What were the clues that these people had false motives?

Ezra 4:2 (ESV)

2 they approached Zerubbabel and the heads of fathers’ houses and said to them, “Let us build with you, for we worship your God as you do, and we have been sacrificing to him ever since the days of Esarhaddon king of Assyria who brought us here.”

The first clue that these people’s offer for help should be refused because they have false motives is the fact that they talk about seeking your God. They don’t talk about our God. If they truly worshipped the Lord, they would refer to him as our God.

The second clue that these people’s offer for help should be refused because they have false motives is the fact that they talk about sacrificing to him. The don’t mention the name by which God had revealed himself to the people of Israel (Lord). They just talk about him.

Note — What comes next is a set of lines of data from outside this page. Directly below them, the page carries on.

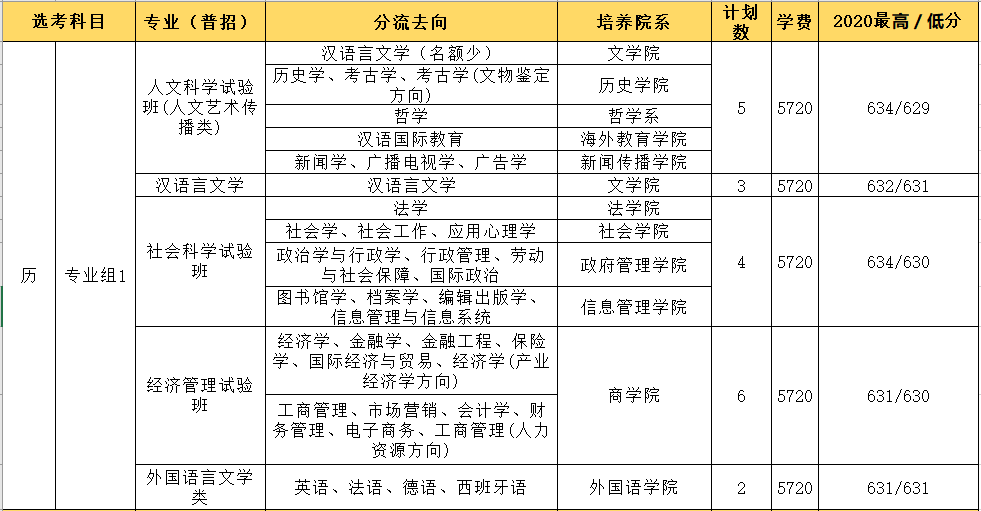 (1)“历史+不限”专业组共投放20个一般录取计划名额,包括人文科学试验班、汉语言文学、社会科学试验班、经济管理试验班、外国语言文学类等5个大类专业;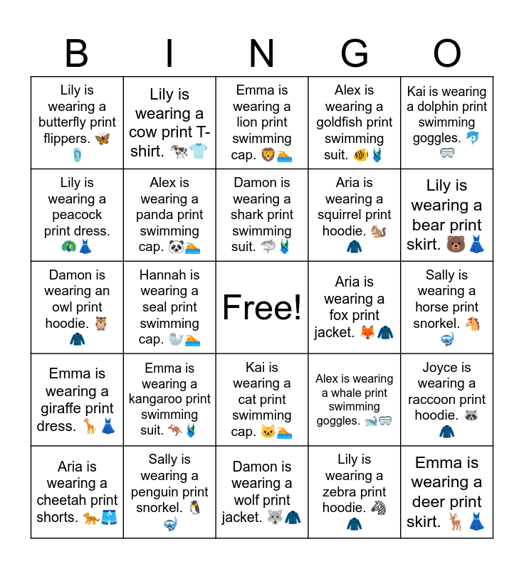 This bingo card has a free space and 34 words: Aria is wearing a tiger print T-shirt. π―π, Lily is wearing a zebra print hoodie. π¦π§₯, Sally is wearing a leopard print skirt. ππ, Damon is wearing a snake print jacket. ππ§₯, Emma is wearing a giraffe print dress. π¦π, Alex is wearing a panda print swimming cap. πΌπ, Kai is wearing a dolphin print swimming goggles. π¬π₯½, Aria is wearing a cheetah print shorts. ππ©³, Lily is wearing a cow print T-shirt. ππ, Sally is wearing a bunny print hoodie. π°π§₯, Damon is wearing a shark print swimming suit. π¦π©±, Emma is wearing a lion print swimming cap. π¦π, Alex is wearing a parrot print life vest. π¦π¦Ί, Kai is wearing a crab print flippers. π¦π©΄, Aria is wearing a fox print jacket. π¦π§₯, Lily is wearing a bear print skirt. π»π, Sally is wearing a penguin print snorkel. π§π€Ώ, Damon is wearing an owl print hoodie. π¦π§₯, Emma is wearing a kangaroo print swimming suit. π¦π©±, Alex is wearing a whale print swimming goggles. ππ₯½, Kai is wearing a cat print swimming cap. π±π, Aria is wearing a dog print life vest. πΆπ¦Ί, Lily is wearing a butterfly print flippers. π¦π©΄, Sally is wearing a horse print snorkel. π΄π€Ώ, Damon is wearing a wolf print jacket. πΊπ§₯, Emma is wearing a deer print skirt. π¦π, Alex is wearing a goldfish print swimming suit. π π©±, Kai is wearing a turtle print swimming goggles. π’π₯½, Aria is wearing a squirrel print hoodie. πΏοΈπ§₯, Lily is wearing a peacock print dress. π¦π, Hannah is wearing a flamingo print swimming suit. π¦©π©±, Hannah is wearing a seal print swimming cap. π¦π, Joyce is wearing a raccoon print hoodie. π¦π§₯ and Joyce is wearing a koala print life vest. π¨π¦Ί.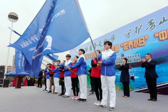 萧山区副区长方军宣布踏着春天脚步,守护青山绿水、校地共助全面剿灭劣V类水行动仪式暨2017年“世界水日”“中国水周”宣传活动正式启动。志愿者们开展了广场宣传、巡河以及护水宣誓等活动。在广场宣传活动中,志愿者们分发中国水利报,铺设学院“五水共治”成果展板,向行人宣讲水知识。另一批志愿者赴水炮湾河道进行了一系列的调研水质、清理周边垃圾等活动。最后两批志愿者在学院广场汇合,并进行宣誓。宣誓仪式中,志愿者们高喊将积极投身五水共治活动,共建美丽浙江!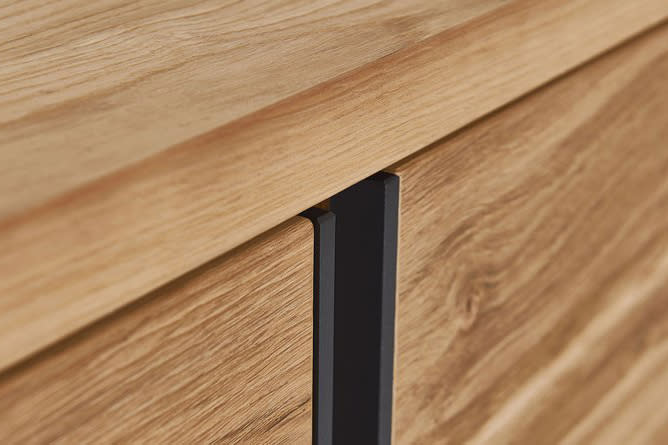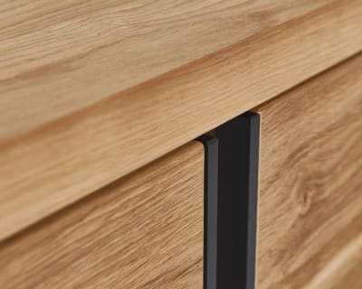 In der PLAN X Programmwelt ist X4 „das Zeitlose“. Ausdrucksstark gemasertes Holz und Metallleisten als raffinierte Designelemente definieren den Möbelcharakter. Die Maserung scheint im Licht zu tanzen und die vertikal dazu verlaufenden Metallleisten setzen einen modernen Akzent, der X4 in Wohnzimmern zeitlos schön wirken lässt. Dazu kommt viel Stauraum – für Design und Funktion in höchster Vollendung. Freuen Sie sich auf eine Ausführung in Eiche rustico hell geölt, eine Metallleiste in anthrazit sowie LED-Licht und sanft schliessende Schubkästen mit Selbsteinzug.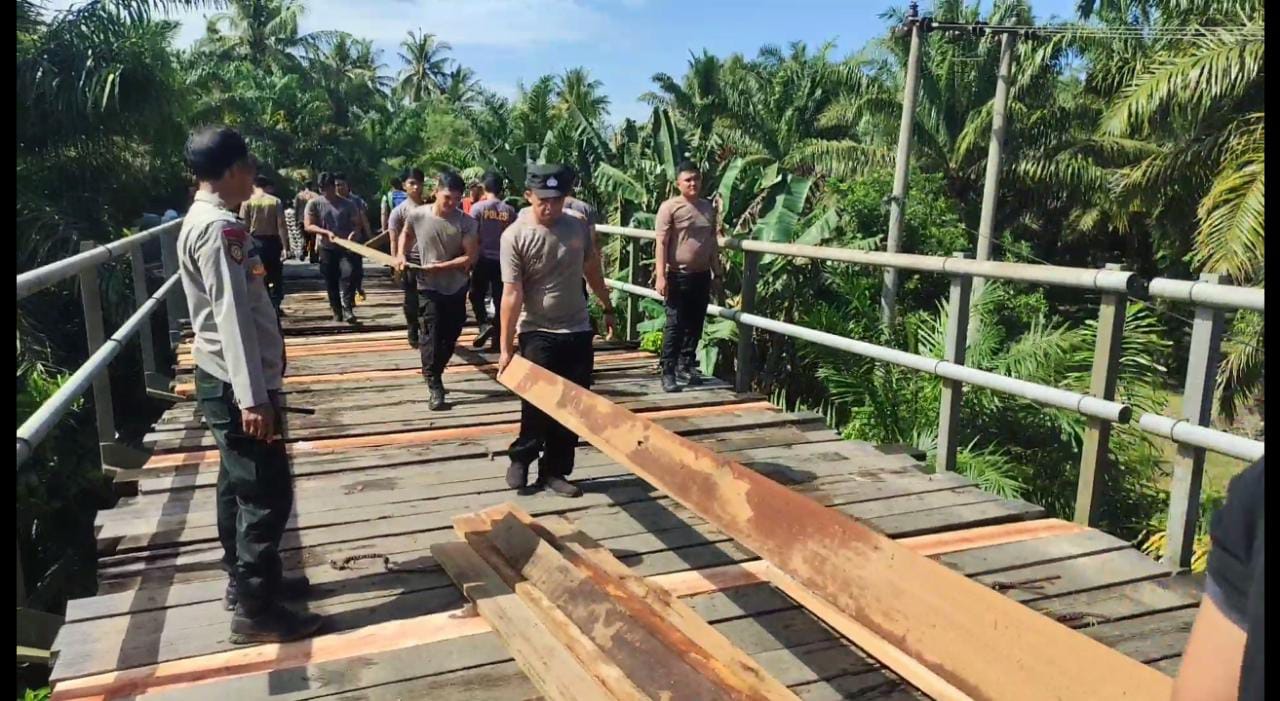 Mukomuko – Dalam rangka menyambut HUT Bhayangkara Ke 77, Kapolres Mukomuko AKBP Nuswanto, S.H., S.I.K., M.H., dan sejumlah personel dari Polres Mukomuko bersama dengan warga memperbaiki jembatan yang rusak.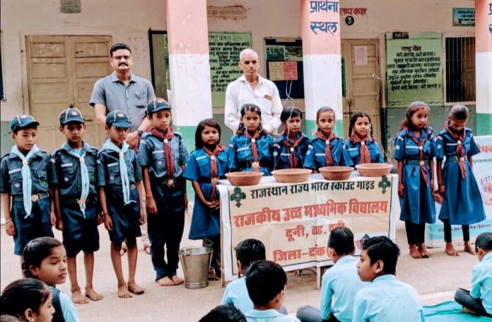 Deoli News 6 अप्रैल (दैनिक ब्यूरो नेटवर्क) पीएम श्री राजकीय उच्च माध्यमिक विद्यालय दूनी में शनिवार को पंचायत प्रारंभिक शिक्षा अधिकारी भंवरलाल कुम्हार की प्रेरणा से स्काउट के नन्हे कब और बुलबुल टीम ने शनिवार को पक्षियों के लिए परिंडे बांधे।

The final clue that these people’s offer for help should be refused because of false motives is their mention of being brought to the land by the king of Assyria. In 722 BC, the king of Assyria invaded Israel, destroyed the capital city Samaria, and took all the Israelites into captivity. The Israelites were resettled in in Halah, and on the Habor, the river of Gozan, and in the cities of the Medes (2 Kings 17:5–6). Sometime later, people from Babylon, Kuthah, Avva, Hamath, and Sepharvaim were resettled in the towns of Samaria to replace the Israelites (2 Kings 17:24). The Assyrians resettled people throughout their empire because they wanted to prevent rebellions. They thought that if there were people from different cultures, languages and religions living together, it will be very hard for them to work together and rebel. This was needed because they did not have the resources necessary in order to have a standing army in each of the regions they conquered.

Esarhaddon king of Assyria was the Assyrian king (680-669 BC) who succeeded Sennacherib (2 Kings 19:37; Isaiah 37:38).1 We are not told the name of the Assyrian king in 2 Kings 17:24; it could have been Esarhaddon.2

If you read 2 Kings 17:24–41, you will see that the people who lived in the areas north of Jerusalem (Samaria), were syncretistic. They worshipped lots of different gods. Though they knew something about the Lord, they did not worship the Lord exclusively. To them, he was just one god among many. Even though these people from the north (Shiloh and Shechem) came to bring grain offerings and incense as sacrifice at the site of the ruined temple (Jeremiah 41:5), they did so because they worshipped the Lord as one god among many.3 We assume that the people mentioned in Ezra 4:1 originally come from Samaria though they are not explicitly identified as coming from that country.